• **EXERCISE OBJECTIVE**: Your answer must be the lines from the start of the records through the line with "Cette alliance en", exactly as written, without the pictures.

• **INFORMATION SHOWN**:
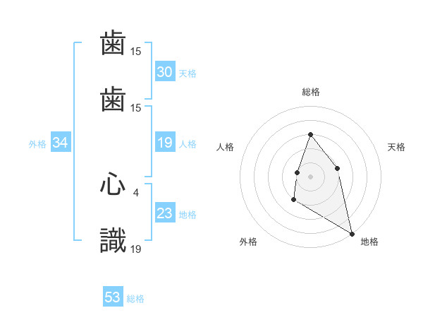 歯歯 心識さんの総格は53画の3点!
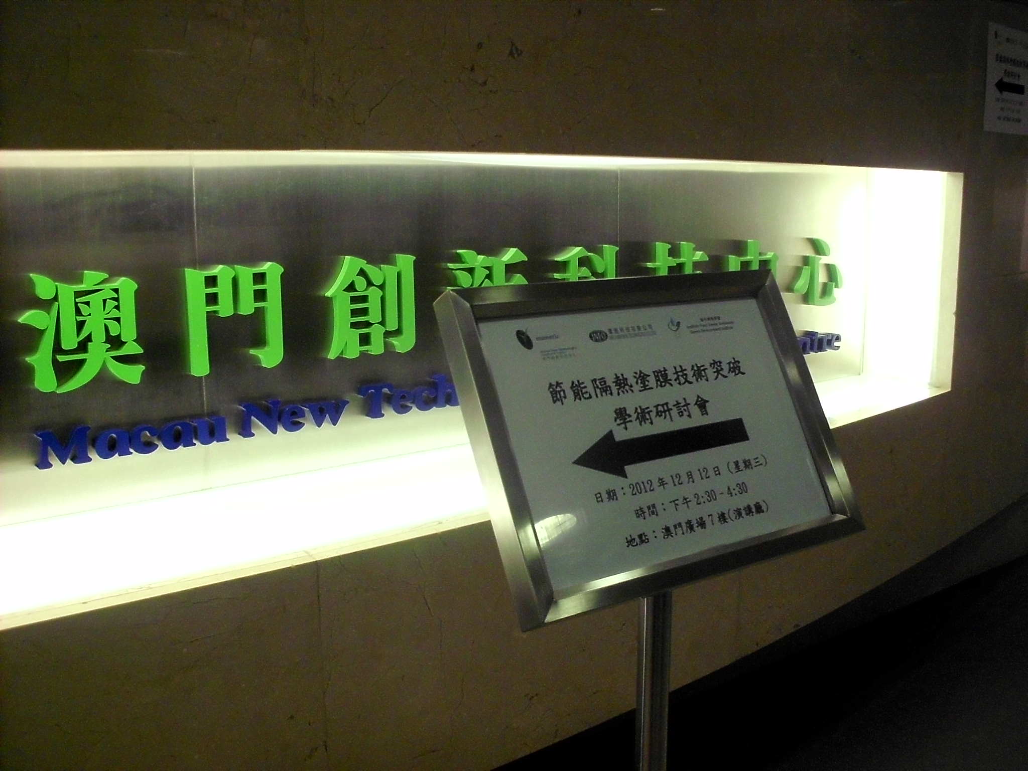 澳門近10年高速城市化過程中,大量玻璃幕牆大樓做成的熱島效應,如何提供科學控制的依據?為了更好推廣國內外首創革命性節能隔熱玻璃塗膜技術及其應用範圍,澳門創新科技中心成員環能科技有限公司邀請研發此技術的科研專家及其合作夥伴,夲地企業家,學者及科研機構於2012年12月12日 (星期三) 下午2時半,在澳門廣場七樓創新科技中心演講廳舉辦「節能隔熱塗膜技術突破學術研討會」,並邀請業界、商界和媒體等進行研討及合作交流,為環保節能減排低碳的生活出謀獻策,共同打造世界旅遊休閒中心!
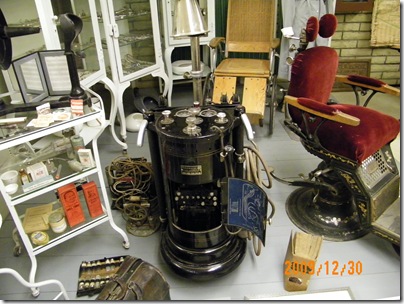 Across from the state prison exhibit was this contraption that we all thought was probably an apparatus used for torturing prisoners.  Negative.  It's a permanent hair curling machine.  Torturous, I'm sure.  The price women pay for beautification!hair curlers for giving a perm
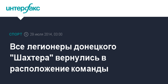 Москва. 29 июля. INTERFAX.RU - Все легионеры донецкого "Шахтера" вернулись в расположение команды.
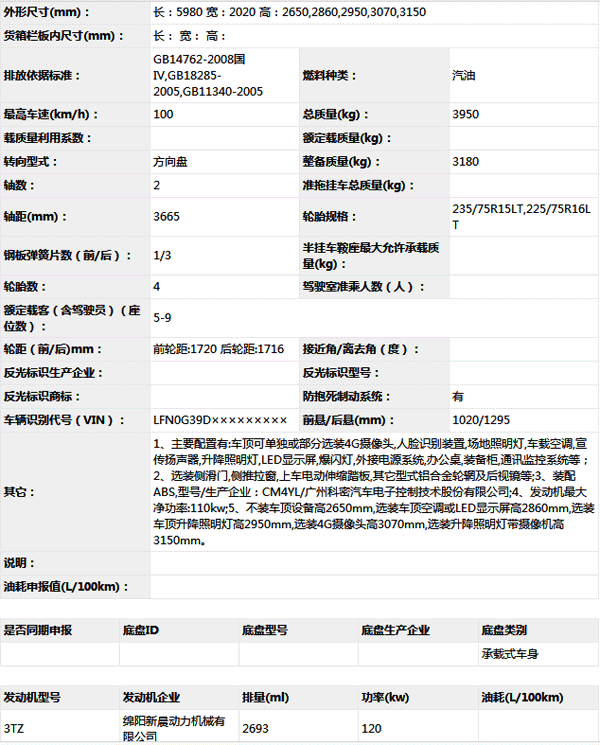 公告型號 CA5040TXUFG21
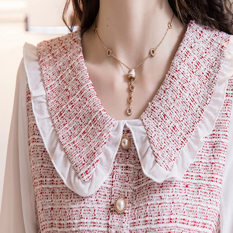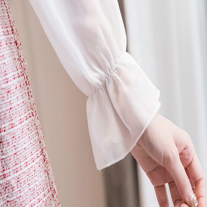 ボリュームがありふんわりとしたスリーブやフリルのディテールが目を引くキュートなデザイン、パールのボタンがエレガントな印象を引き立ててくれます。
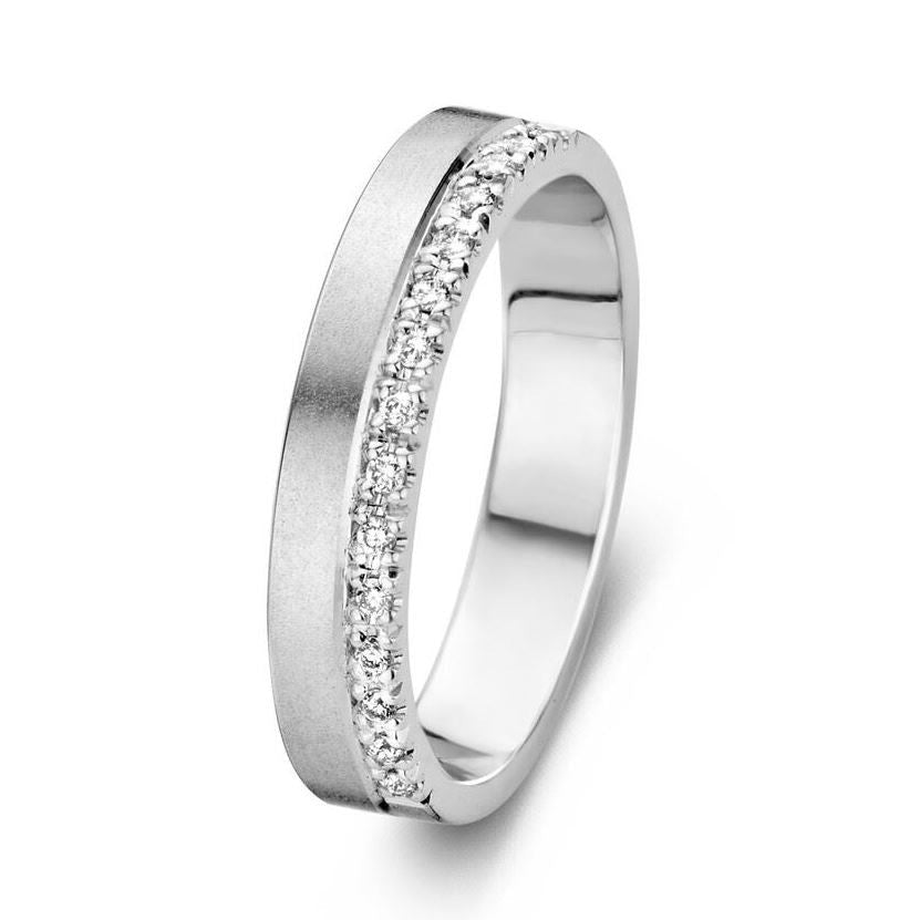 Cette alliance en or blanc 750/1000è se compose de deux bandes : une bande plus large en or blanc mate qui vient contraster une bande sertie rail demi-tour de diamants étincelants de 0.12cts. Une alliance aux bandes complémentaires à l'image de votre amour.
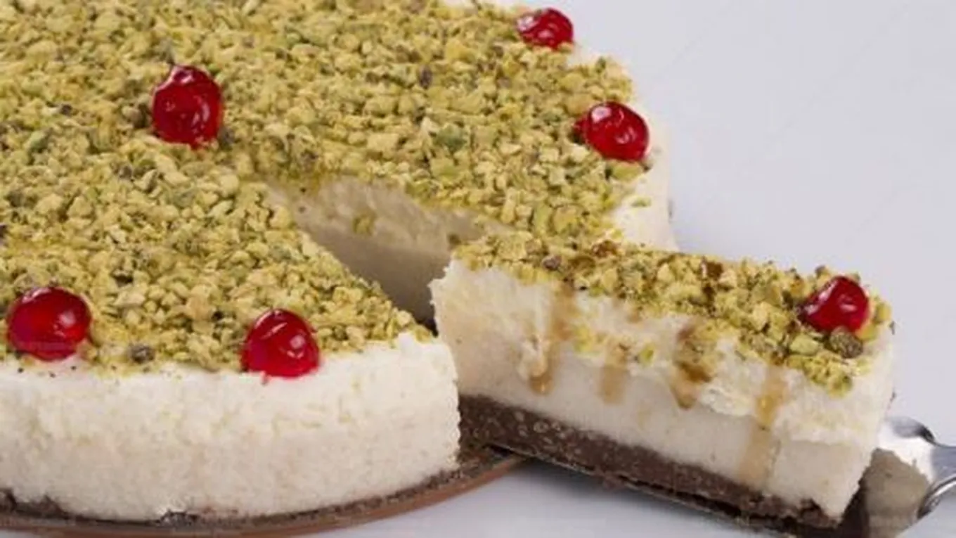 - بعد أن يبرد الخليط ويصبح متماسكاً، نسكب القشطة عليه، ثم نرتب سطحها بملعقة مستوية، ثم نرش فوقها اللوز والفستق الحلبي والصنوبر.

• **SOLVED EXERCISE**:
 歯歯 心識さんの総格は53画の3点!
 澳門近10年高速城市化過程中,大量玻璃幕牆大樓做成的熱島效應,如何提供科學控制的依據?為了更好推廣國內外首創革命性節能隔熱玻璃塗膜技術及其應用範圍,澳門創新科技中心成員環能科技有限公司邀請研發此技術的科研專家及其合作夥伴,夲地企業家,學者及科研機構於2012年12月12日 (星期三) 下午2時半,在澳門廣場七樓創新科技中心演講廳舉辦「節能隔熱塗膜技術突破學術研討會」,並邀請業界、商界和媒體等進行研討及合作交流,為環保節能減排低碳的生活出謀獻策,共同打造世界旅遊休閒中心!
 Across from the state prison exhibit was this contraption that we all thought was probably an apparatus used for torturing prisoners.  Negative.  It's a permanent hair curling machine.  Torturous, I'm sure.  The price women pay for beautification!hair curlers for giving a perm
 Москва. 29 июля. INTERFAX.RU - Все легионеры донецкого "Шахтера" вернулись в расположение команды.
 公告型號 CA5040TXUFG21
 ボリュームがありふんわりとしたスリーブやフリルのディテールが目を引くキュートなデザイン、パールのボタンがエレガントな印象を引き立ててくれます。
 Cette alliance en or blanc 750/1000è se compose de deux bandes : une bande plus large en or blanc mate qui vient contraster une bande sertie rail demi-tour de diamants étincelants de 0.12cts. Une alliance aux bandes complémentaires à l'image de votre amour.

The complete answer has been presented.